Task requirements:
I need the lines from the one containing "Наряды, пожалуй, самое" through the last line of the entries retyped exactly, with no pictures among them.

________

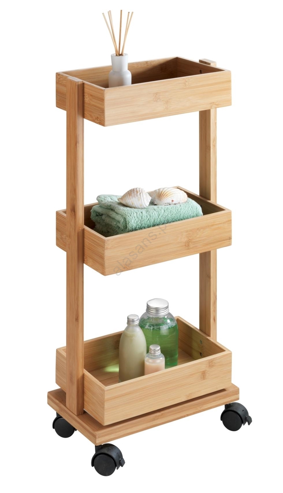 • Estante de arrumação estilosa sobre rodízios em bambu natural.
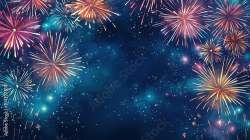 Happy New Year Celebration Background Concept. A vibrant display of colorful fireworks against a dark blue sky creating a festive and celebratory atmosphere
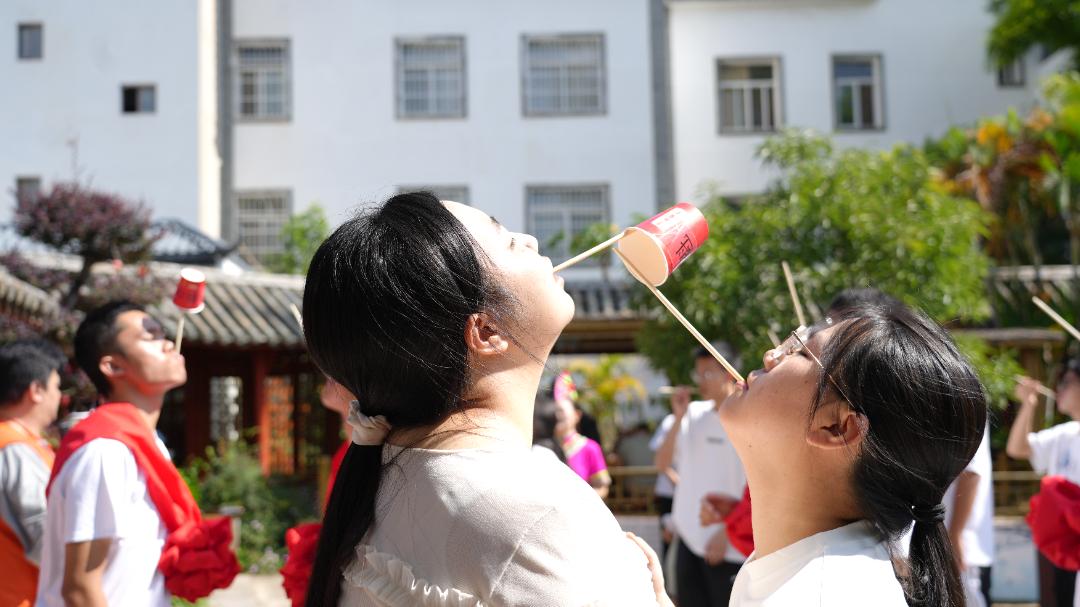 在集体游戏环节中,夺魁宝瓶、一举夺魁挑金梁、魁星挑玉蔬等充满美好寓意的游戏项目让现场气氛持续升温。学子们组队协作,在欢声笑语中释放着青春活力。
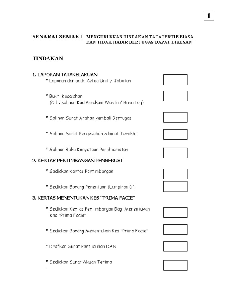 Contoh pelanggaran peraturan • pegawai 'hilang' selepas mengetik kad perakam waktu di waktu pagi, kemudian muncul semula di waktu petang. Bukti ketidakhadiran staf termasuklah kad dan rakaman waktu kedatangan/ pulang staf seperti rekod masa di kad perakam waktu, rekod cetakan ptj akan proses pembayaran semula emolumen anda sebaik sahaja anda hadir semula bertugas. Sekiranya kad perakam waktu tidak diketik atau diketik sebelah pagi sahaja atau sebelah petang sahaja tanpa catitan dan kelulusan seperti ditetapkan di para 2, tindakan tatatertib dibawah perintah am bab d dan lucut hak gaji dibawah perintah am bab c boleh dilaksanakan. • mengambil cuti sewaktu perkhidmatan sangat diperlukan. Pengenalan) didapati tidak hadir bertugas tanpa cuti atau tanpa mendapat kebenaran terlebih dahulu atau tanpa sebab yang munasabah pada kegagalan tuan untuk mengemukakan surat tunjuk sebab ini menyebabkan tuan boleh dikenakan tindakan tatatertib selaras dengan peraturan 23.
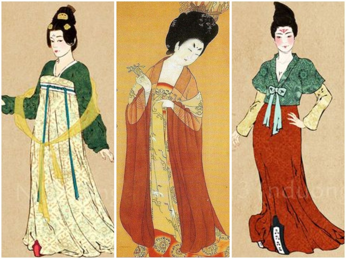 Наряды, пожалуй, самое незамысловатое в образе танской красавицы. В те времена женщины носили топ и длинную юбку, которую завязывали чуть выше груди, поверх одевали рубашку или халат. Кроме того, к наряду прилагался шарф. Ткани должны были быть лёгкими, летящими, струящимися, иногда даже полупрозрачными. Мода того времени была под сильным влиянием космополитической культуры, женская одежда постепенно становилась все более свободной и откровенной. Ткани были шелковые, хлопковые(часто более дорогие, чем шелк, так как в основном хлопок был привозной, только к концу IX века в Китае появилось хлопководство), льняные или шерстяные.
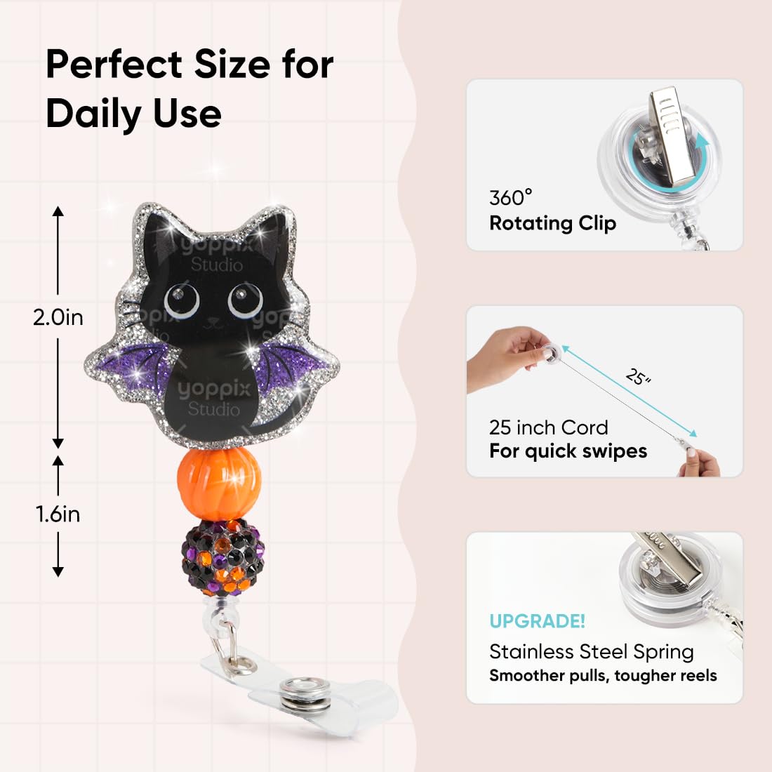 YOPPIX Halloween Bat Badge Reel, Nurses Funny Sparkly Glitter Retractable Badge Reel for Nurses RN EN Doctor Paramedic Teachers Medical Office Womens
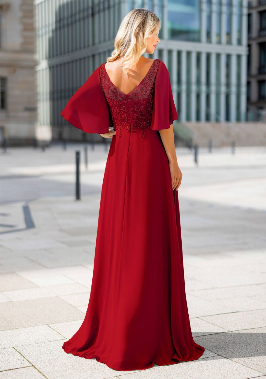 Vestido de pedrería rojo borgoña · Ref.: Cristian Koehlert 2638
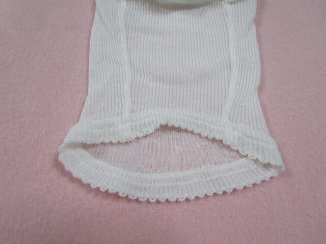 襟先や袖口・裾周りには同色のピコットししを施して、

________

Exercise solution:
 Наряды, пожалуй, самое незамысловатое в образе танской красавицы. В те времена женщины носили топ и длинную юбку, которую завязывали чуть выше груди, поверх одевали рубашку или халат. Кроме того, к наряду прилагался шарф. Ткани должны были быть лёгкими, летящими, струящимися, иногда даже полупрозрачными. Мода того времени была под сильным влиянием космополитической культуры, женская одежда постепенно становилась все более свободной и откровенной. Ткани были шелковые, хлопковые(часто более дорогие, чем шелк, так как в основном хлопок был привозной, только к концу IX века в Китае появилось хлопководство), льняные или шерстяные.
 YOPPIX Halloween Bat Badge Reel, Nurses Funny Sparkly Glitter Retractable Badge Reel for Nurses RN EN Doctor Paramedic Teachers Medical Office Womens
 Vestido de pedrería rojo borgoña · Ref.: Cristian Koehlert 2638
 襟先や袖口・裾周りには同色のピコットししを施して、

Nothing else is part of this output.